Staying with a friend in
the bedroom community of Rutherford, my brother takes NJ Transit into the City
for his job. One evening we rendezvous at the Journal Square PATH station in
Jersey City after his day of work ends. I had been working in Secaucus that
day, so it is a short drive to get him.
These places so very
very far away from where we both currently live are still quite familiar. My
brother went to college in Jersey City and we grew up in Harrison, just a
couple of miles west of Journal Square. Still, we marvel at the views and
changes of our hometown as my brother wants to drive around and see the ‘sights’.
He wants to drive by the new High School, drive through West Hudson Park, go past
our old house on Washington Street, although the original house burned down 20
years ago.
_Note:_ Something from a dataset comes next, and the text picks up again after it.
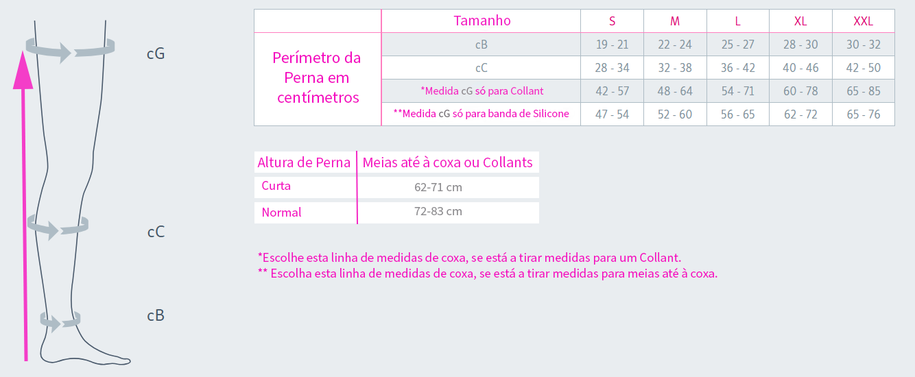perna. Usar um tamanho maior ou menor que o correto só fará o utente piorar,
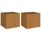 Jardinières 2 pcs 32x30x29 cm acier cortenCes jardinières seraient parfaites pour les amateurs de bricolage pour décorer les jardins, les balcons ou les patios. Matériau durable : acier corten, également connu sous le nom d'acier patinable. Cet acier est anti-corrosif par nature. Il développe une couche protectrice contre la corrosion dès sa première exposition aux conditions atmosphériques. Il n'est donc pas nécessaire de le peindre. Cela peut vous aider à économiser sur les coûts d'entretien et de réparation. La couleur marronne distinctive de l'acier corten attirera sûrement tous les regards. Enfin, l'acier résistant aux intempéries est exceptionnellement durable et résiste à l'épreuve du temps.Cadre robuste : le cadre en acier du lit surélevé assure robustesse et stabilité.Fonction décorative : le bac à fleurs peut contenir vos plantes ou fleurs préférées, ce qui est idéal pour votre jardin comme décoration. Bon à savoir :Ce produit n'est pas encore rouillé et a une couleur métallique normale lorsque vous le recevez, mais la rouille se développera au fil du temps. Vous pourriez accélérer le processus de rouille en le pulvérisant avec de l'eau savonneuse et de l'eau salée. Pour que vos vêtements ne soient pas tachés, évitez tout contact avec la couche de rouille qui se développe.Pour faciliter au maximum le montage, chaque produit est livré avec des instructions.

We ooed and aahed at the places and reminisced about places we’d go
out to eat with Mom and Dad when they were still alive. He wants me to drive up
Kearny Avenue, rising from the flats of Harrison and past all the locations of
the Sopranos television show. Even after living nearly half my life in this
area I too enjoy this little road trip. It’s late in the day and the warm
golden light dispels all the grit that is so pervasive in this area. As we near
the border with North Arlington the spire of my high school’s church, Queen of
Peace is awash in the light and glowing beautifully in soft oranges and yellows.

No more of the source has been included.